Nasar's account begins with Charles Dickens and Henry Mayhew observing and publishing the condition of the poor majority in mid 19th century London, the richest and most glittering place in the world. This was a new pursuit. She then describes the efforts of Marx, Engels, Alfred Marshall, Beatrice and Sydney Webb, and Irving Fisher to put those insights into action – with revolutionary consequences for the world.
From the great John Maynard Keynes to Schumpeter, Hayek, Keynes's disciple Joan Robinson, the influential American economists Paul Samuelson and Milton Friedman, and India's Nobel Prize Winner Amartya Sen, she show how the insights of these activist thinkers transformed the world – from one city, London, to the developed nations in Europe and America and now the entire world.
In Nasar's dramatic account of these discoverers we witness men and women responding to personal crises, world wars, revolutions, economic upheavals, and each others' ideas to turn back Malthus and transform the dismal science into a triumph over mankind's hitherto age-old destiny of misery and early death. This story, unimaginable less than 200 years ago, is a story of trial and error, and ultimately transcendent, rendered here in stunning narrative.
Reviews
Praise for ‘A Beautiful Mind’
‘Tells a moving story and offers a remarkable look into the arcane world of mathematics and the tragedy of madness’.

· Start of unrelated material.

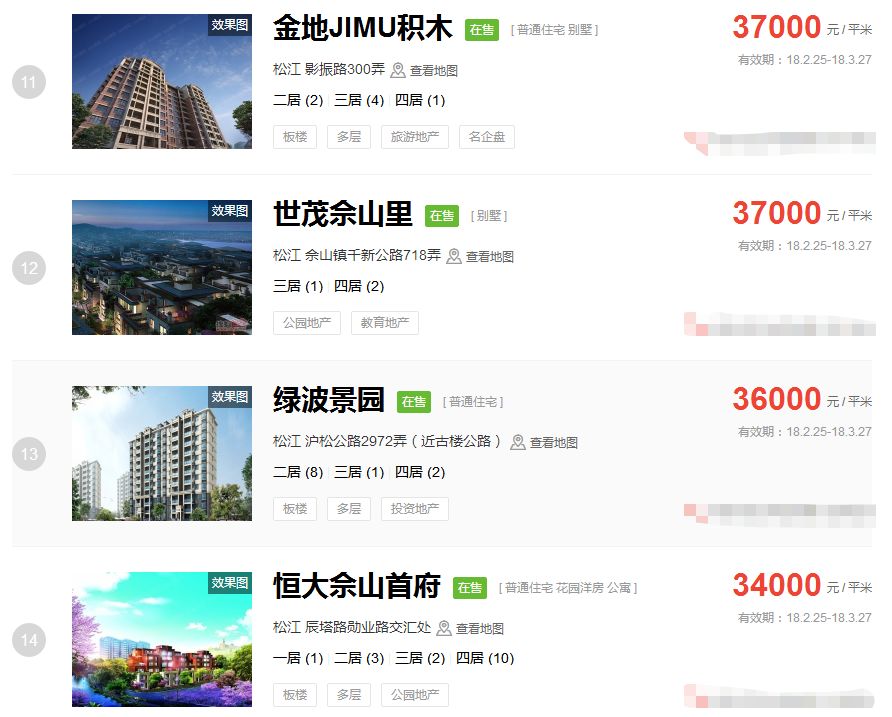 松江3月二手房均价 34504 元/m²

The New York Times Book Review
‘Might be compared to a Rembrandt portrait, filled with somber shadows and radiant light effects…superbly written and eminently fascinating…simply a beautiful book.’ The Boston Globe
About the author
Sylvia Nasar is the author of the bestselling A Beautiful Mind. She is the John S. and James L. Knight Professor at the Columbia Graduate School of Journalism.
PUBLISHERS WEEKLY
Nasar's A Beautiful Mind mined a rich dramatic vein in the story of a solitary mathematical genius. Her new work looks to a broad sweep of modern economic history for similar magic with mixed results. While the author rightly sees a vital and indeed dramatic core to the "dismal science," the narrative can feel desultory at times. Tracing the accompanying rise of economic theory in the development of global capitalism, Nasar's cast of (mostly) famous men and women seeks to tackle the increasingly disconcerting problem of widespread want in the midst of enormous concentrations of wealth. Her chronological narrative emphasizes a key tension between antistatist laissez faire ideas and the logic of the modern welfare state. A final chapter on Indian economist Amartya Sen takes us beyond the West briefly, but the book concentrates overwhelmingly on the centers of capitalist power up through WWII. The attempt to squeeze a good story from her subjects can encourage a lopsided accounting, where Marx, for example, becomes a clownish personal figure whose economic ideas are all the easier to dismiss while the contributions of Alfred Marshall are arguably overemphasized. Historiographically thin, the book serves best as a curiosity-piquing introduction to figures and basic themes in modern economic history rather than a definitive study.